Karena keinginannya untuk berjuang menjalankan usahanya agar berkembang, Erawati melakukan berbagai cara agar usahanya bisa ramai yaitu sempat mencoba dengan mengganti resep sausnya sebanyak 10 kali, dan menggunakan bahan baku yang berasal dari Singaraja langsung seperti tauco, rempah-rempah, dan lain-lainnya.
Kerja keras itu pun dapat membuahkan hasil pada Tahun 1991.
Pada tahun tersebut ibu 3 anak ini merasakan perubahan usahanya sedikit demi sedikit mengalami kemajuan dan peminat dari makanannya pun sudah mulai banyak karena melalui info dari mulut ke mulut.
Tentu saja terdapat berbagai rintangan yang ditemui saat menjalankan usahanya, misalnya saat merebak isu virus flu babi. Secara tidak langsung isu itu mempengaruhi penjualannya. Pada saat itu dalam satu hari nya omset penjualannya sangat turun drastis selama 10 hari bisa sampai turun 70 % dari penjualan di hari biasanya dan terbesit pikiran untuk mengurangi jumlah pegawai.
Dengan ketegaran hati serta kerja keras Erawati untuk mampu bertahan dan memberikan pemahaman kepada konsumen, ia dapat mampu mengembalikan kepercayaan konsumennya untuk menikmati lagi makanan nya dengan aman.
Lebih jauh diungkapkan Erawati, dalam perjalanan usahanya ia tentunya menyesuaikan teknis pemasaran dengan perkembangan zaman seiring umur usaha nya yang terbilang sudah cukup lama.
Foto: Ketut Erawati dan sibaok-nya
Dengan bantuan sanak keluarganya, dan atas rekomendasi dari konsumen yang puas menikmati kuliner di warungnya melalui review di sosial media seperti youtube, dan facebook.
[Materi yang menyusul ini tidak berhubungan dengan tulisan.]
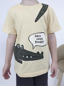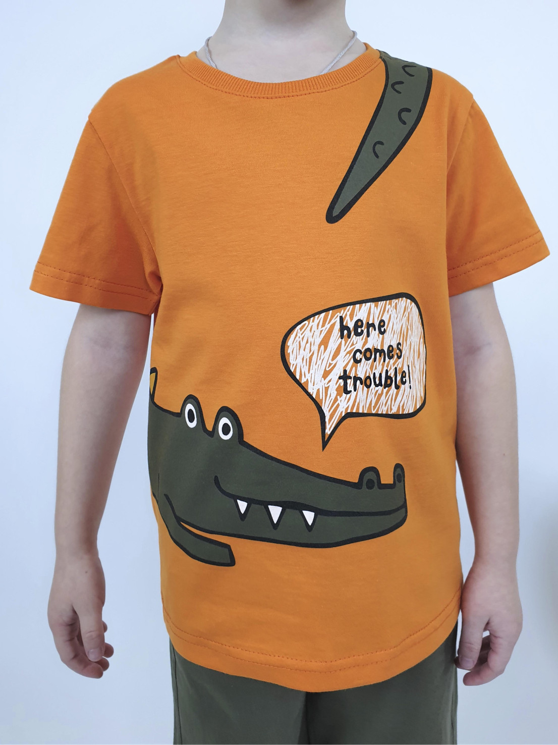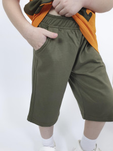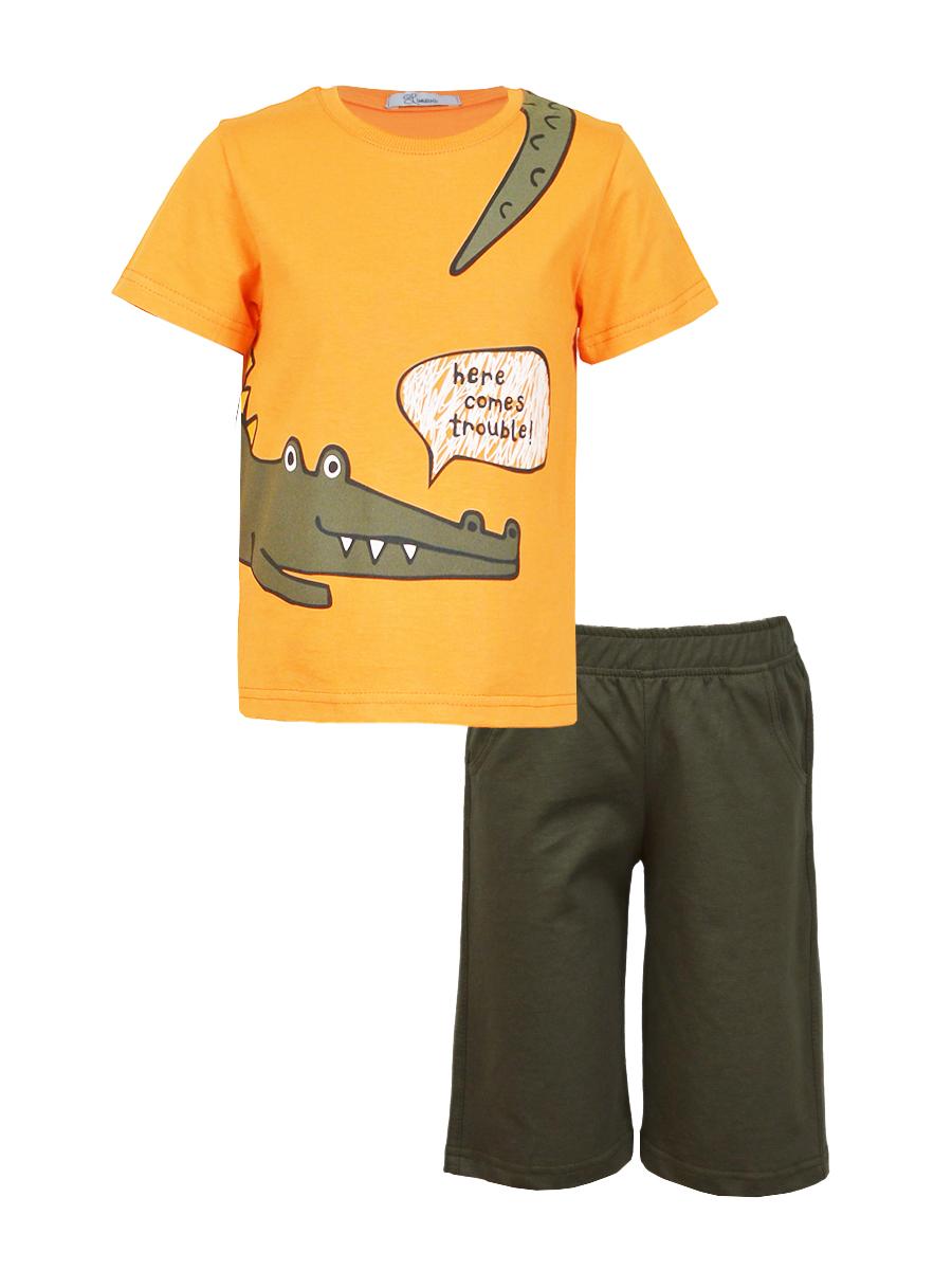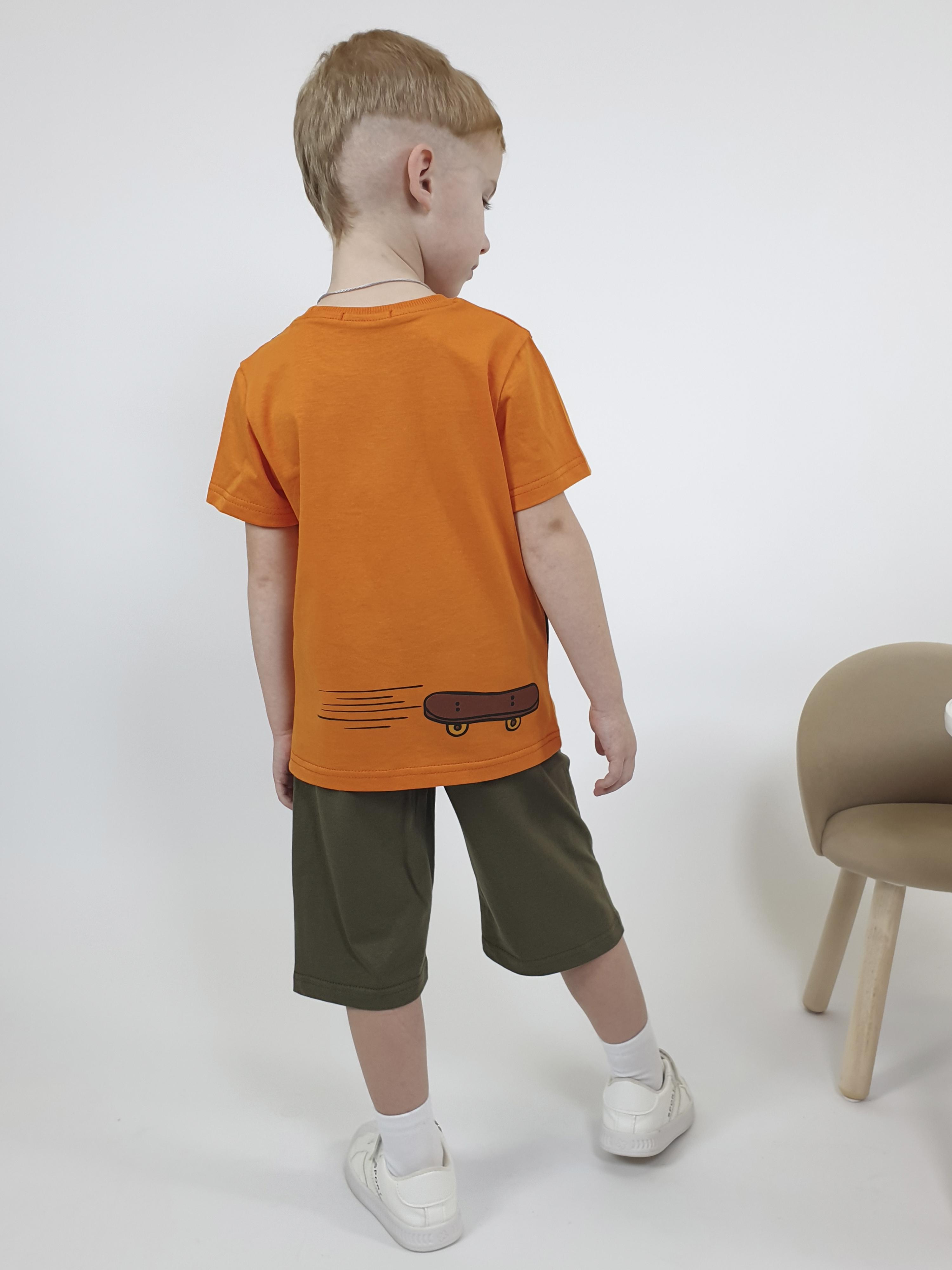 Кулирное полотно: 100% х/б. Фуфайка-прямая,перед с печатью.Рукав втачной,короткий.Горловина обработана ластиком. Шорты-удлиненные с притачным поясом и резинкой.Два боковых кармана.

Erawati membuktikan bahwa usahanya masih layak untuk bertahan. Dengan bantuan sosial media ia mampu mengembangkan usahanya hingga mendapat konsumen dari luar Bali yaitu seperti Jakarta, Surabaya, Bandung, dan Balikpapan.
Usanya mengalami peningkatan penjualan pada saat libur lebaran dan libur akhir tahun. Tidak tanggung-tanggung penghasilan yang di dapat bisa mencapai 20 juta per bulannya.
Harapan Erawati ke depan dari usahanya tersebut yaitu bisa mengembangkan lagi usahanya dengan menciptakan berbagai inovasi menu makanan baru tentunya dengan mengikutsertakan ciri khas Buleleng, serta membuka lapangan pekerjaan khususnya bagi masyarakat Buleleng yang ingin merantau ke Kota Denpasar.
Made Erlangga Sandiadi dari Desa Bebetin: Bangun “Kopi Pasar” dengan Konsep Minimalis
Pernah mendengar Kopi Pasar? Banyak orang di Denpasar sudah kenal ikon kopi pasar, yakni sebuah coffee shop yang berada di tengah-tengah pasar tradisional, yakni di Pasar Sanglah.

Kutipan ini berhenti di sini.